EXERCISE REQUIREMENTS —
Only the pictures are to be dropped; the rest of the data below is to be duplicated exactly.

EXCERPTED RECORDS —
=====

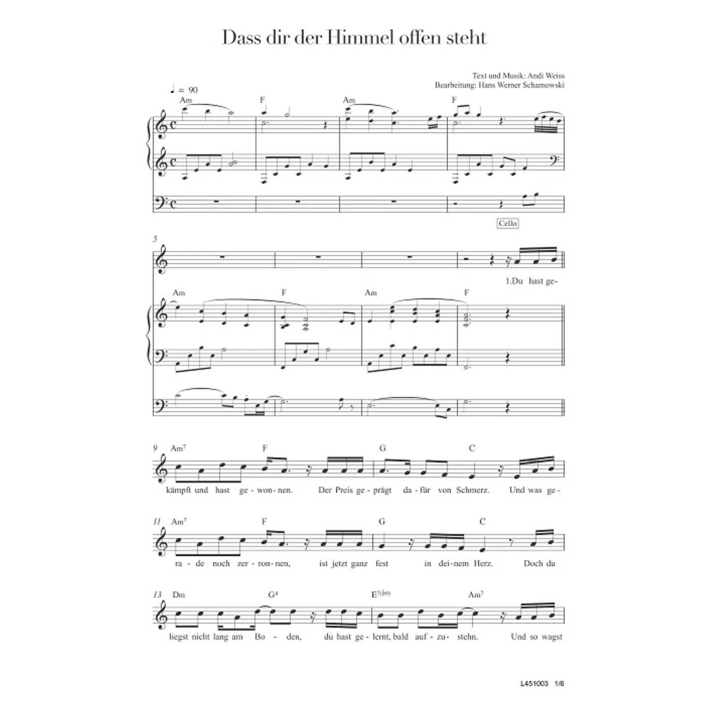 Dass dir der Himmel offen steht (diese Variante haben Sie gerade ausgewählt) (modern, Klavier, einstimmig, mit Akkorden, a-moll-Moll) Andi Weiss (Komposition, Text), Hans Werner Scharnowski (Klaviersatz) |
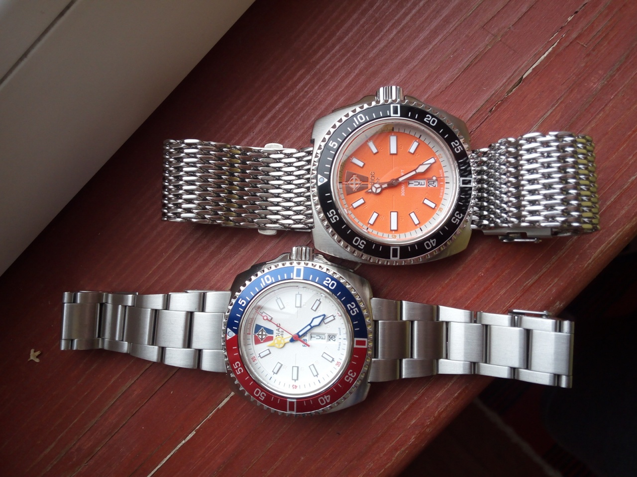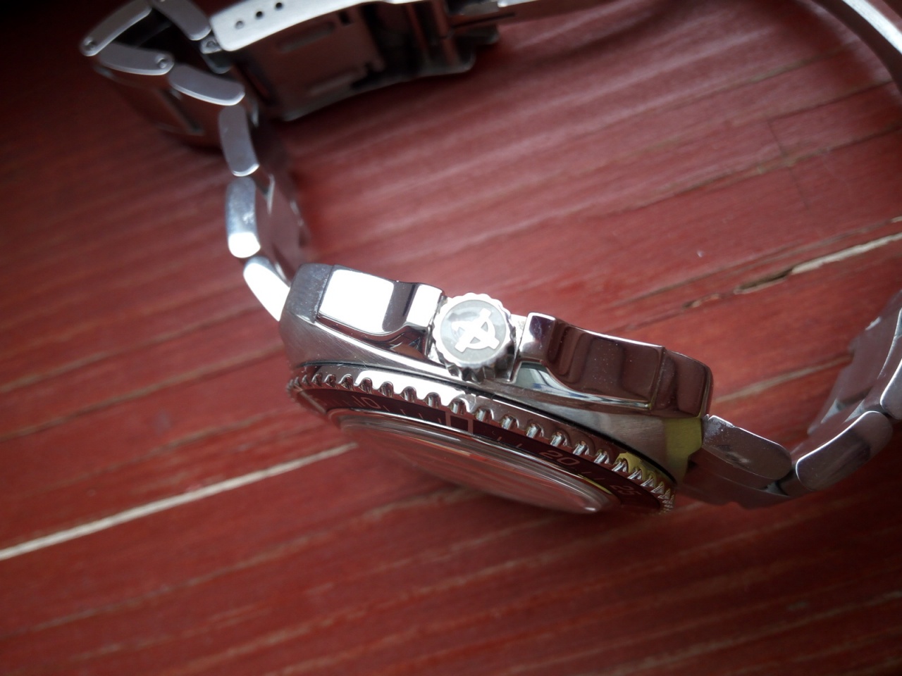 Корпус как у V-Wolf, который оранжевый, но меньше, примерно 40х40 без ЗГ. Состояние очень хорошее (стекло САПФИР чистое, по корпусу минимум следов носки). Браслет очень качественный, с дайверским расширителем, примерно на 19 см, можно уменьшить по 2 звена с каждой стороны. Водозащита 300м (заводная головка завинчивается), люм на стрелках и метках.
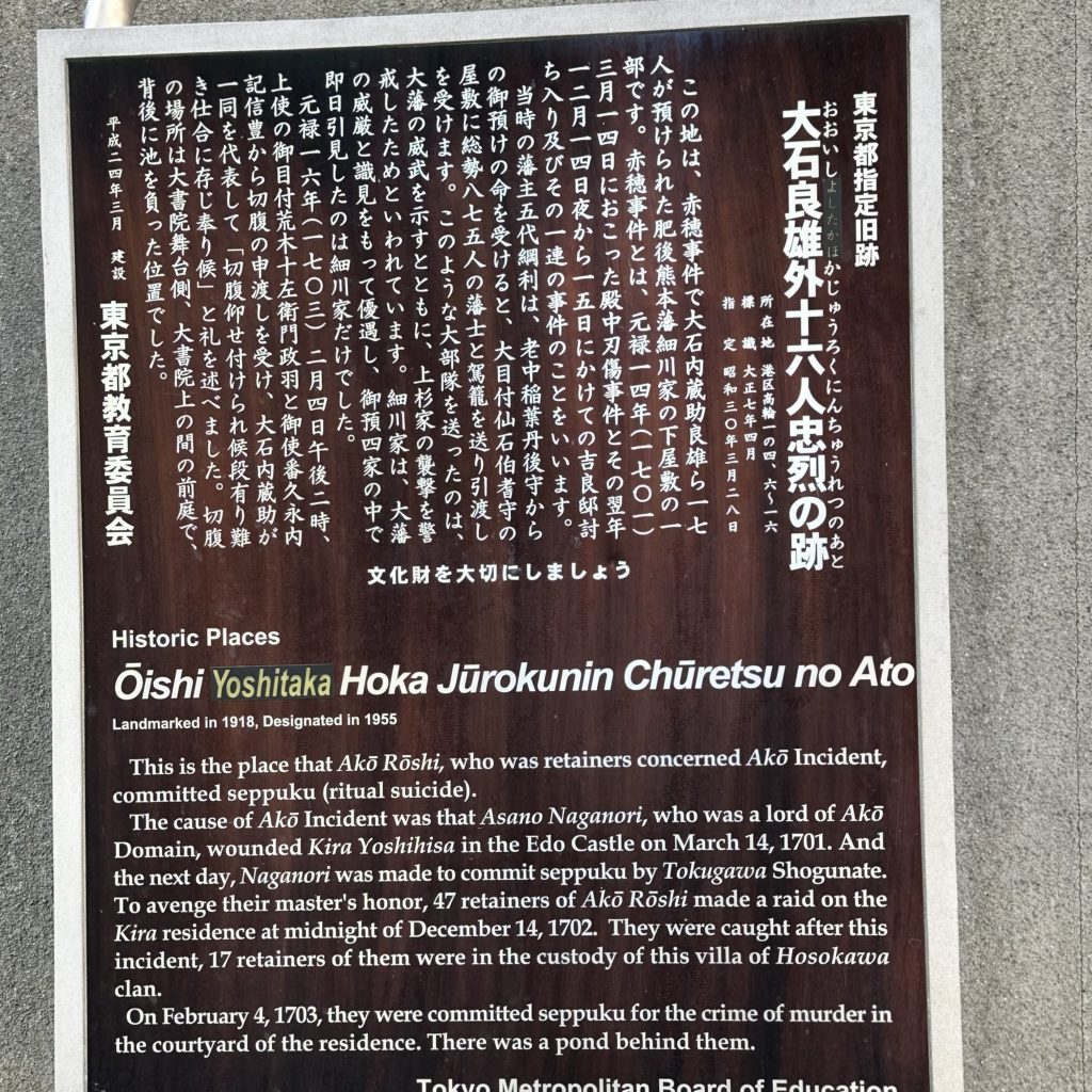 敷地のすぐ横に赤穂浪士の大石内蔵助他16人が自害した旧熊本藩細川家の下屋敷跡があります。
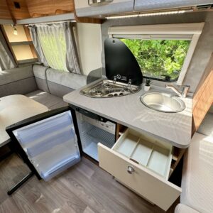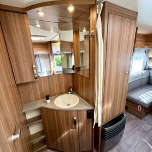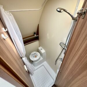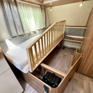 Jääkaappi, Kasetti WC, Kasettiverhot, Kattoluukku, Liesi, Lämminvesiboileri, Pakastelokero, Parivuode, Pesuallas, Trumatic, Tukijalat
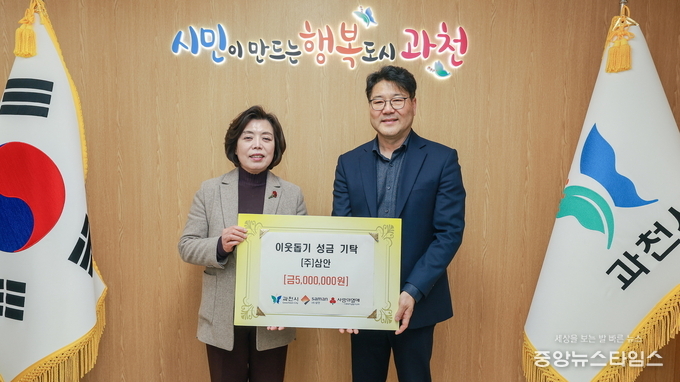 (중앙뉴스타임스 = 방재영 기자) 과천시는 13일 관내 기업 ㈜삼안(대표 최동식)이 설 명절을 앞두고 이웃돕기 성금 500만 원을 기탁했다고 밝혔다.
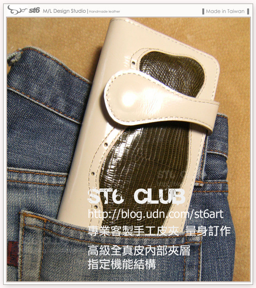 象牙白漆面防水牛皮加入翠綠綠蜥蜴皮,全小羊皮內裡,我想送人或自用都相當體面大方。當然也接受客戶自選色搭配。

=====

SOLUTION FOR THIS TASK —
 Dass dir der Himmel offen steht (diese Variante haben Sie gerade ausgewählt) (modern, Klavier, einstimmig, mit Akkorden, a-moll-Moll) Andi Weiss (Komposition, Text), Hans Werner Scharnowski (Klaviersatz) |
 Корпус как у V-Wolf, который оранжевый, но меньше, примерно 40х40 без ЗГ. Состояние очень хорошее (стекло САПФИР чистое, по корпусу минимум следов носки). Браслет очень качественный, с дайверским расширителем, примерно на 19 см, можно уменьшить по 2 звена с каждой стороны. Водозащита 300м (заводная головка завинчивается), люм на стрелках и метках.
 敷地のすぐ横に赤穂浪士の大石内蔵助他16人が自害した旧熊本藩細川家の下屋敷跡があります。
 Jääkaappi, Kasetti WC, Kasettiverhot, Kattoluukku, Liesi, Lämminvesiboileri, Pakastelokero, Parivuode, Pesuallas, Trumatic, Tukijalat
 (중앙뉴스타임스 = 방재영 기자) 과천시는 13일 관내 기업 ㈜삼안(대표 최동식)이 설 명절을 앞두고 이웃돕기 성금 500만 원을 기탁했다고 밝혔다.
 象牙白漆面防水牛皮加入翠綠綠蜥蜴皮,全小羊皮內裡,我想送人或自用都相當體面大方。當然也接受客戶自選色搭配。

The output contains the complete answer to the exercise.